Can we detect the need-for-closure bias in social media behavior?
Matthijs Westera, Mark Rademaker
Leiden University
The questions we entertain can affect how we process incoming information (Grossnickle, 2016). We are more likely to accept information that answers our previous questions, a bias known as need-for-closure (Webster \& Kruglanski, 1994). Despite this, the effects of questions in social media on users' adoption of (dis)information have hardly been studied. Our work aims to detect the need-for-closure bias in a newly collected corpus of hundreds of thousands of Reddit posts. Do social media users more readily accept information that answers a question they were previously exposed to?
Through the Reddit API, we obtained the 1000 most recent posts from a predetermined set of subreddits. Among the authors of these posts, we selected user accounts older than three years, expecting enough longitudinal data to detect long-term effects of the need-for-closure bias. For each of these users, we downloaded their top 1000 posts, resulting in a dataset of over 400K posts, with collection ongoing. For each post, we also collected its parent post (if it replies to another post) and any children (replies).

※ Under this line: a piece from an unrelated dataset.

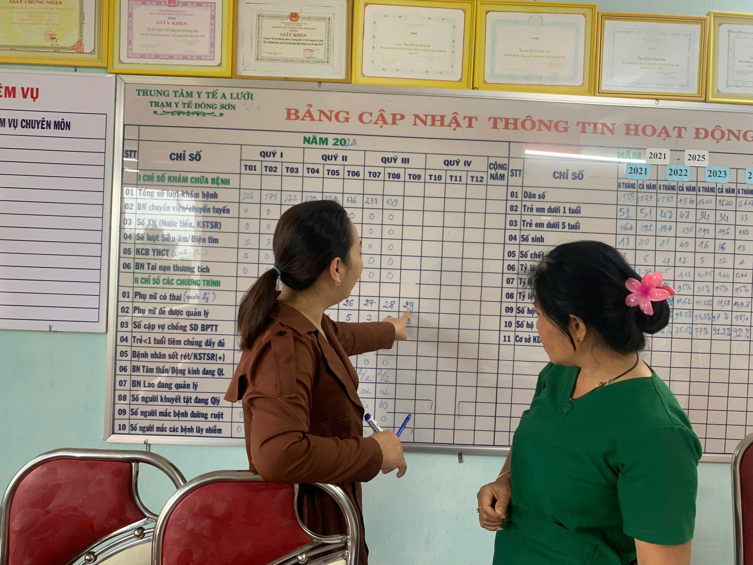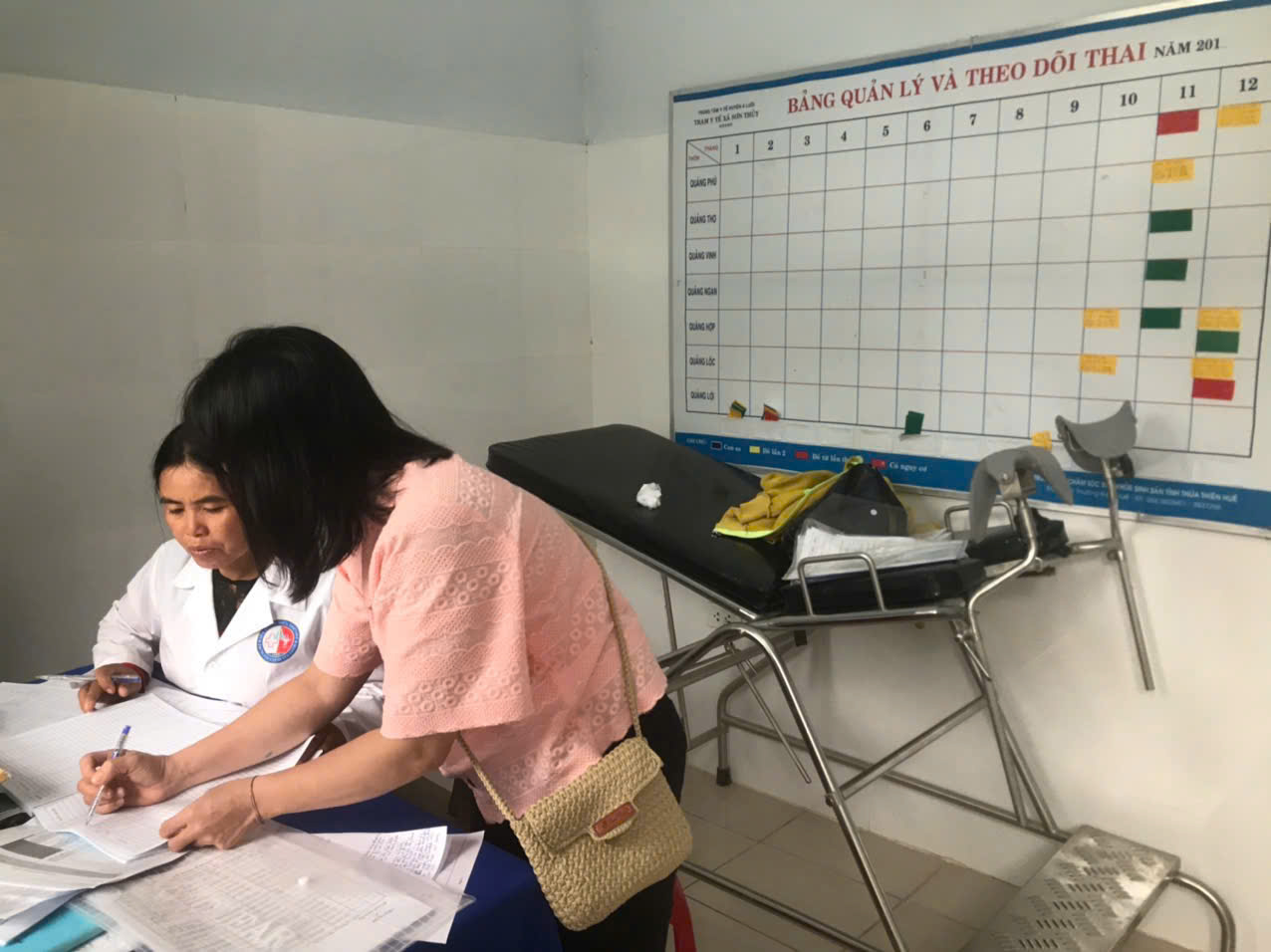 Tại các trạm y tế, Đoàn ghi nhận trạm y tế có xây dựng kế hoạch triển khai công tác Phòng chống tai biến sản khoa trong mùa mưa bão, có lập danh sách bà mẹ mang thai có nguy cơ và có ngày sinh dự kiến trong những tháng mưa bão để theo dõi và quản lý; có triển khai cấp phát Sổ theo dõi SKBMTE tại trạm; có thực hiện ghi chép sổ sách theo hướng dẫn và báo cáo số liệu thống kê theo phần mềm thông tư 37 theo qui định…Tuy nhiên, bên cạnh những kết quả đã đạt được thì trong đó có một số vấn đề cần cải thiện, đó là: Cập nhật bà mẹ mang thai vào bảng quản lý thai sản đầy đủ hơn; điều chỉnh các số liệu báo cáo của trạm y tế cho phù hợp và theo đúng hướng dẫn; bổ sung ghi chép đầy đủ các thông tin khách hàng vào một số ô cột trong biểu mẫu sổ ghi chép mà đoàn giám sát đã góp ý.
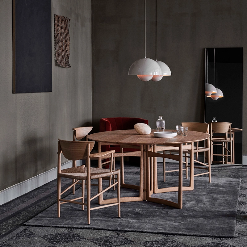 And Tradition a été construite avec une section à charnières de chaque côté qui se rabat à partir du centre fixe. Contrairement à d'autres tables de ce genre, la Drop Leaf peut être pliée par une seule personne. Son design pliable lui assure de s’adapter à tous les intérieurs, un aspect fonctionnel qui s’équilibre avec une attention portée également sur la forme.

In the resulting dataset, we identify what we call pivots: sentences from posts with which a user has interacted (e.g., replied to) and which potentially affected their beliefs. For each pivot, we check (i) whether it answers a question from a post the user previously interacted with, and (ii) whether the user subsequently adopts the pivot. We hypothesize that pivots that answer a prior question with which the user engaged, tend to be entailed more by the user's subsequent posts: a direct operationalization of the need-for-closure bias. We expect it to be only a small effect, due to the noisy and varying nature of social media text, but an effect nonetheless.

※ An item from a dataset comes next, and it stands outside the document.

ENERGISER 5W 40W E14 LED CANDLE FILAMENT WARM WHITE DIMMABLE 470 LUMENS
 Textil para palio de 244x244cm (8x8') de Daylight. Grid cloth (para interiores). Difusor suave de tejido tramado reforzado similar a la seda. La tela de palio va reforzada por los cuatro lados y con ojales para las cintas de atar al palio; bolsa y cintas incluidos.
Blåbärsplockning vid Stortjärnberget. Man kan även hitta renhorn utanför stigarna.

Given the scale of our dataset, we compute the two crucial features with off-the-shelf models for Question Answering (QA; an Albert-xxlarge model trained on the SQuAD v2 dataset (Rajpurkar, 2018)) and Natural Language Inference Model (NLI; an Albert-xxlarge model trained on the datasets MNLI (Williams, 2017) and SNLI (Bowman, 2015):
The first gives us a proxy for the degree to which a pivot answers a prior question with which the user engaged; the second gives us an estimate of whether subsequent posts by the user logically entail (i.e., endorse) the pivot.
We worked around some limitations of these models; for instance, we exclude overly long or short sentences, and use additional classifiers to identify and exclude overly subjective or abstract sentences, which we found lead to false positives from the QA and NLI models.
Moreover, in our statistical analysis we isolate potential effects of the QA and entailment scores from those of plain relatedness (embedding similarity).
We relate our findings to work on disinformation, work in Linguistics on how questions can be triggered implicitly, and to studies in Psychology on the effects of questions, beyond need-for-closure, on information processing, mental health and social cohesion.
We hope to spur additional research into questions as a window onto our individual and collective curiosity, doubts, and vulnerabilities to disinformation.